• [Task instructions] Skip any pictures. Repeat the data exactly, from its first line through the line that holds "Следующий эпизод реконструкции", both included.
*** Opening Information ***
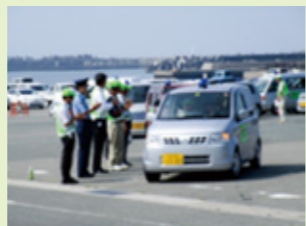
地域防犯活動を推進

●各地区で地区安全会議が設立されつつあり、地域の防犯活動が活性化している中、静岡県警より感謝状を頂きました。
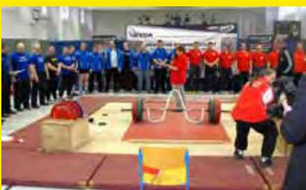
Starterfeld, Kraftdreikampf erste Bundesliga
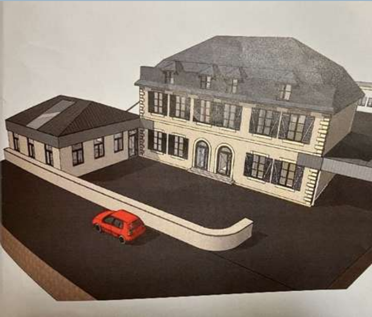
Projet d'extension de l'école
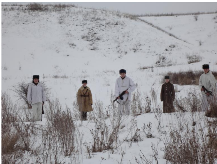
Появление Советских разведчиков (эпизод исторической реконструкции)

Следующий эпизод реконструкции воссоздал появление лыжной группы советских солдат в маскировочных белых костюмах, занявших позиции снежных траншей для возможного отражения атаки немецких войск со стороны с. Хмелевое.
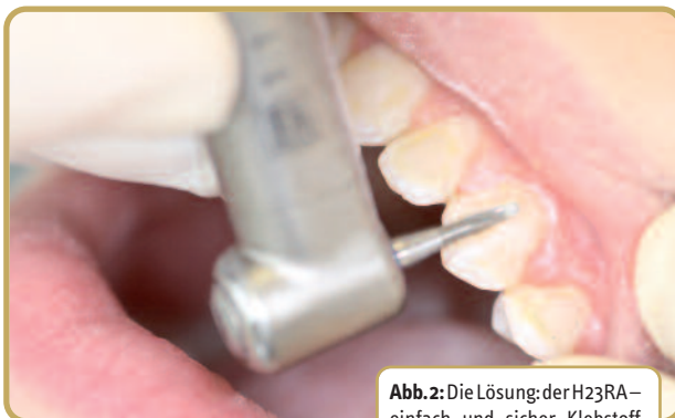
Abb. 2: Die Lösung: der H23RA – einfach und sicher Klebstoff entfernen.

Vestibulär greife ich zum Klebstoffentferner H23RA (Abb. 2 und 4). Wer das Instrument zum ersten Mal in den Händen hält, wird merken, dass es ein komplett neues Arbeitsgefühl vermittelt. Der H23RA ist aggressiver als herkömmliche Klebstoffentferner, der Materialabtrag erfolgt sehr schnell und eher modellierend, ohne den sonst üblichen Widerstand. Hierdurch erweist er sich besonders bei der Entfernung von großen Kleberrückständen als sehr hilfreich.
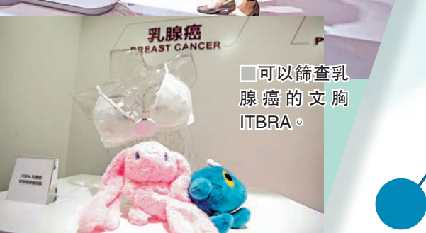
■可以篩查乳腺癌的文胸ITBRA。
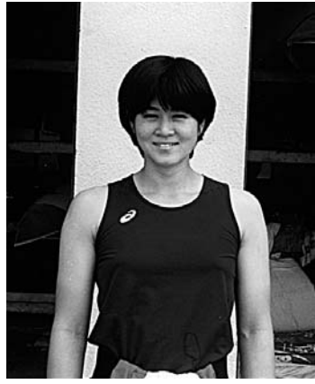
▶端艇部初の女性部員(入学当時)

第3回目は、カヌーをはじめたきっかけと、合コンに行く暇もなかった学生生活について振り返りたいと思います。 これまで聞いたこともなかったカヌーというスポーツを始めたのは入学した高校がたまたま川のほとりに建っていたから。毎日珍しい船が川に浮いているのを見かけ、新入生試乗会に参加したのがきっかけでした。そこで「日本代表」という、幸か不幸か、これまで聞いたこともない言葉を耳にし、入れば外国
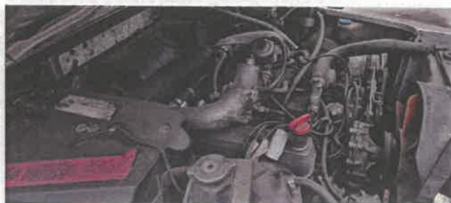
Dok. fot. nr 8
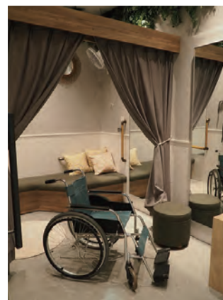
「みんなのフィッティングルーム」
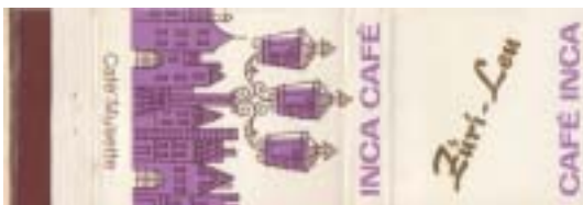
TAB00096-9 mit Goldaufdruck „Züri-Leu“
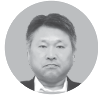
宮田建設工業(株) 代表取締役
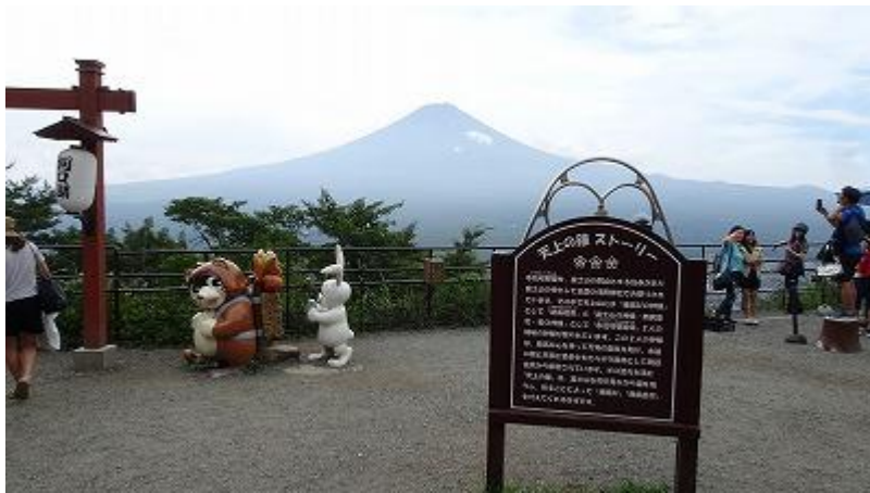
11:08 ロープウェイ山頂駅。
*** Closing Information ***
• [Answer to the exercise]
地域防犯活動を推進

●各地区で地区安全会議が設立されつつあり、地域の防犯活動が活性化している中、静岡県警より感謝状を頂きました。
Starterfeld, Kraftdreikampf erste Bundesliga
Projet d'extension de l'école
Появление Советских разведчиков (эпизод исторической реконструкции)

Следующий эпизод реконструкции воссоздал появление лыжной группы советских солдат в маскировочных белых костюмах, занявших позиции снежных траншей для возможного отражения атаки немецких войск со стороны с. Хмелевое.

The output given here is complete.